Authentication not working? saml2aws uses the MAC keychain to store your password. When you update your password you need to update the password in keychain as well. Or resetup saml2aws.

AssumeRole Extension and ~/.aws/config

08/03/2020

Install the plugin for chrome/firefox:
Firefox aws-extend-switch-roles

Chrome aws-extend-switch-roles

Copy this into ~/.aws/credentials

[govcloud]
region = us-gov-east-1

[commercial]

Then, create a link from files/config to ~/.aws/config: (your path may vary)

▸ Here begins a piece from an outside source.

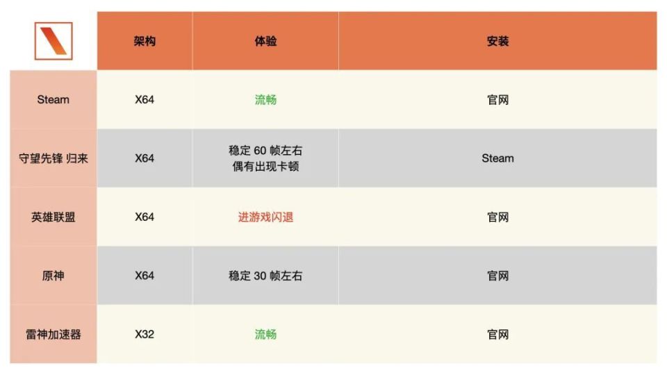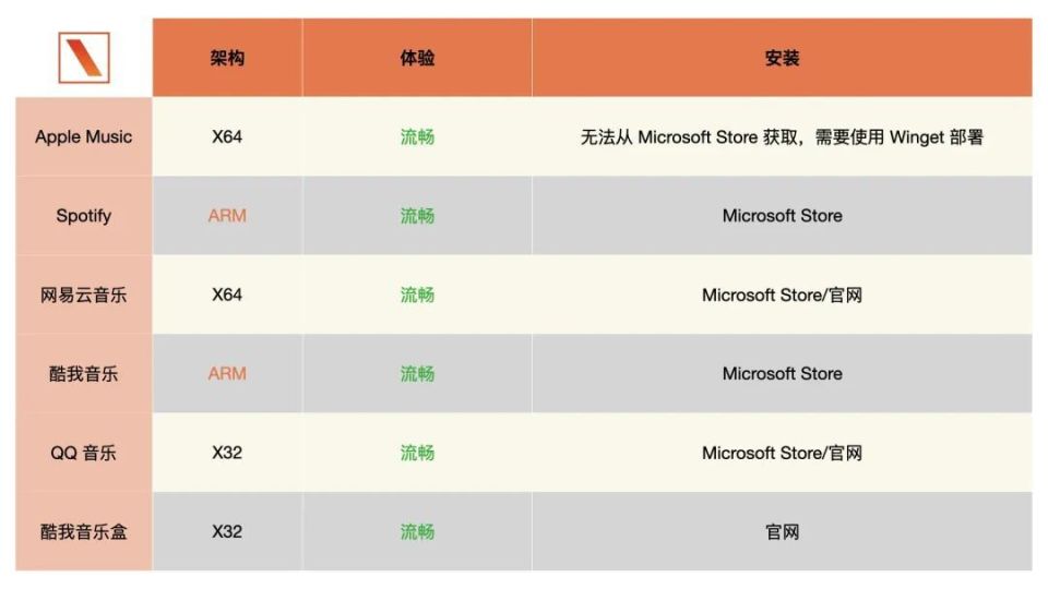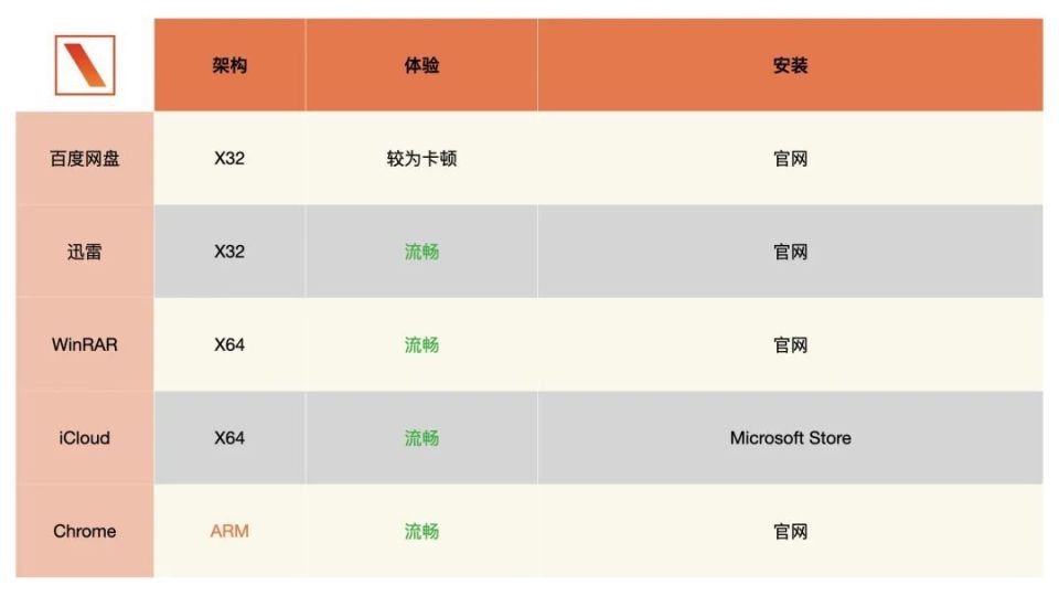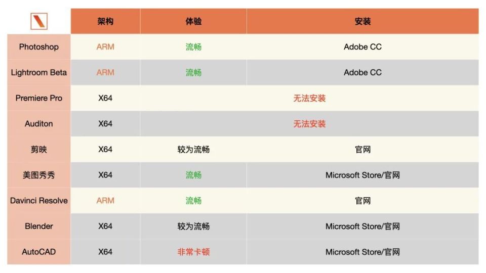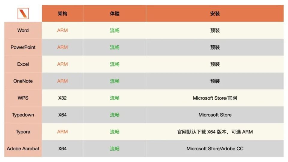 搭载高通骁龙 X 系列芯片的设备,已经陆陆续续推出一个多月了。除了这块骁龙芯的性能,大家更关心的是,微软和高通再次发力的 Windows on ARM 平台,究竟能否如微软所承诺那般,能够运行「大多数 Windows 应用程序」,并且还能保证流畅度。因此,爱范儿以搭载了骁龙 X Elite 芯片的第 11 代 Surface Pro 为测试设备(芯片型号:X1E-80-100;16GB 内存),准备了将近 40 个应用,看看这个面向未来的新设备和新系统,能不能经受住当下大部分场景的考验。如果没有特别指出,文章内提到的「ARM 架构」应用都是指 ARM64 位,而单独的「64 位」和「32 位」都是指 x86 下的架构;除了游戏,电源都是「平衡」模式。测试过的所有应用结果如下:左右滑动来查看更多图片完全胜任科技编辑的工作作为一名科技编辑,我在测试过程中将这台设备当作了我的主力机,替换了工作用的 M1 MacBook Air(8GB 内存),用它完成了部分早报和文章的写作,下面说说我的应用使用体验。我的日常办公场景大概如下: 在微信、企业微信、QQ(Tim)上进行协作交流 使用 MarkDown 编辑器进行文章写作 Chrome 上打开多个标签页和插件进行选题和资料收集,以及在线编辑 使用 Notion 来收集素材和整理思路 用飞书将文章编辑好给同事审稿 Apple Music 作为 BGM 时不时需要使用美图秀秀编辑图片尺寸 会用到 Office 三件套或者 WPS 编辑资料先给出一个结论:在这些场景下,Windows on ARM 都能很好应付,体验不输 MacBook Air。比如,Chrome 和 Microsoft Office 套件,由于都是基于 ARM 架构开发,体验顺滑。以吃内存和性能著称的 Chrome,在我打开将近二十个标签页的情况下,反应也丝毫不被拖慢,更不用说微软自己开发的 Office,用 Excel 处理超大数据表也是「指哪打哪」。至于没有原生开发的应用,使用体验也让人满意。像是微信、企业微信、美图秀秀、Apple Music 、WinRAR、迅雷、WPS、Tim,这几款应用都是非原生开发,体验都和其他平台上一样基本流畅不卡,其中迅雷更是连弹窗广告都完美显示。至于 Markdown 编辑器,由于我平时使用的平台不提供 Windows 版本,所以尝试下载使用了 Typora 和 Typedown 两个编辑器,前者从官网下载,后者从 Microsoft Store 应用商店下载。比较神奇的是,在我安装 Typora 的安装包后,打开应用发现:但 Typora 是官方提供 ARM 版本的,不知道为什么官网会默认下载一个打不开的 x64 版本。两个编辑器使用体验无可挑剔,即使是非原生开发的 Typedown,也不会和原生的 Typora 有太大差距。而像飞书、Notion 两个类似的笔记和在线文档应用,大部分场景都没问题,在切换页面和滑动长篇的文档时,还是会出现延迟和卡顿。而在工作中遇到不那么顺手的应用是百度网盘。百度网盘无法直接从 Microsoft Store 中获取,在官网默认下载的是 32 位版本,安装和打开都没有问题,基本的文件下载、上传操作都可以顺利完成,而如果页面内显示的内容较多,滑动就会出现明显的掉帧。大部分应用的安装都是通过 Microsoft Store 应用商店或者官网下载安装包的方式,但有时候也会出现像上文提到的 Typora 和百度网盘那样的问题。比如说 QQ,明明有原生 ARM 版本,应用商店却只提供 x64 版本,虽然使用体验没有太大差距。只在 Microsoft Store 提供的 Apple Music,则显示「此产品与电脑的处理器不兼容」。上网搜索了一下,发现可以通过 Winget 的方式本地部署这个应用。终于装好后,我发现这个「处理器不兼容」的 Apple Music,在转译后甚至比 macOS Sonoma 上的音乐应用体验感更好......而苹果在 Microsoft 应用商店提供的另一个应用「iCloud」明明同样是 x64 架构,却可以直接从商店下载和安装,让人有点摸不着头脑。至于表现,这个 iCloud 也和 Apple Music 一样让人满意。总结一下,在「科技编辑」的工作环境中,这款骁龙芯 Surface 完全足够成为一台主力机型。我需要使用的所有应用都能够运行,就连体验最差的百度网盘,我都愿意给一个 70 分,因为除了一些场景,基本不会卡顿。当然,我也知道科技编辑的工作对设备的要求其实并不高,甚至很多时候,一个浏览器一个编辑器就能完成大部分工作。所以,接下来的部分我对另外一些常用的应用进行了测试。强度高点的专业应用还需努力在微软 Build 2024 大会上,Adobe 承诺会将全家桶带到 Windows on ARM 平台上,2 个月过去,现在的情况如何?打开 Adobe Creative Cloud,发现这个在别的设备上提供很多应用的平台,在这台 Surface 上空空荡荡的。(其实还有一个还在测试中的 Lightroom Beta)作为 Build 2024 上的演示应用,基于 ARM 开发的 Photoshop 体验自然非常舒适,连有点吃性能的滤镜「动态模糊」效果实时预览都能秒实现,和 2020 年 Surface Pro X 跑 x86 的版本拖动图片都会异常卡顿的体验天差地别。

ln -s ~/infrastructure-notes/files/config ~/.aws/config

CloudWatch

bit of code to search cloudwatch

fields @timestamp, @message 
| filter errorCode="AccessDenied" 
| fields coalesce(userIdentity.invokedBy,userIdentity.principalId) as whoo,  coalesce(requestParameters.bucketName,errorMessage) as target
| stats count() as count by bin(1d) as time, whoo, eventName, target
| sort count desc

Using jq with EC2 API

relevant links

dump a list of ec2 instances and some of their relevant fields into a CSV

AWS_PROFILE=dps_prod aws ec2 describe-instances | 
	jq -r '.Reservations[].Instances[] | [ (.Tags[]?|select(.Key=="Name")|.Value?), .InstanceId, .LaunchTime, .StateTransitionReason, .State.Name  ] | @csv'

AWS Instance Scheduler in TEST

Test Ec2 instances get shutdown at night. This is accomplished via a lambda application. To prevent an EC2 instance from getting shutdown, just remove the Schedule tag.

Fixing bad volume tags

The volume_tags field in aws_instance doesn't handle updates (due to a bug where it was updating other attached volumes).

To add volume tags:

  1. Generate a list of bad volumes:

    aws --profile legacy-mdr-test ec2 describe-volumes --filters "Name=attachment.status,Values=attached" --output yaml | grep VolumeId | awk '{print $2}' | sort -u > badvolumes.legacy-mdr-test.txt

  2. Add the tag to all of them:

    for i in `cat badvolumes.legacy-mdr-test.txt`
do
echo $i
aws --profile legacy-mdr-test ec2 create-tags --resources $i --tags "Key=Snapshot,Value=Daily"
done

AWS Automatic Snapshots

Snapshot Daily

In both test and prod the EC2 EBS Lifecycle Manager handles the automatic backups for EBS Volumes. The Lifecycle Manager has a policy that looks for the tag, Snapshot:Daily. If the volume has that tag, then a snapshot is taken.

Cleaning Old AMIs

The open source amicleaner is very useful for cleaning our old AMIs, but needs a patched version. To install:

# Get a fork of amicleaner with the asg fix:
git clone git@github.com:ronaldosaheki/aws-amicleaner.git
cd aws-amicleaner
git checkout origin/fix-asg
pip3 install --user -e .
ln -s ~/Library/Python/3.9/bin/amicleaner /usr/local/bin/amicleaner

You now have amicleaner in your path, and can run ~/xdr-terraform-live/bin/clean_old_amis.sh.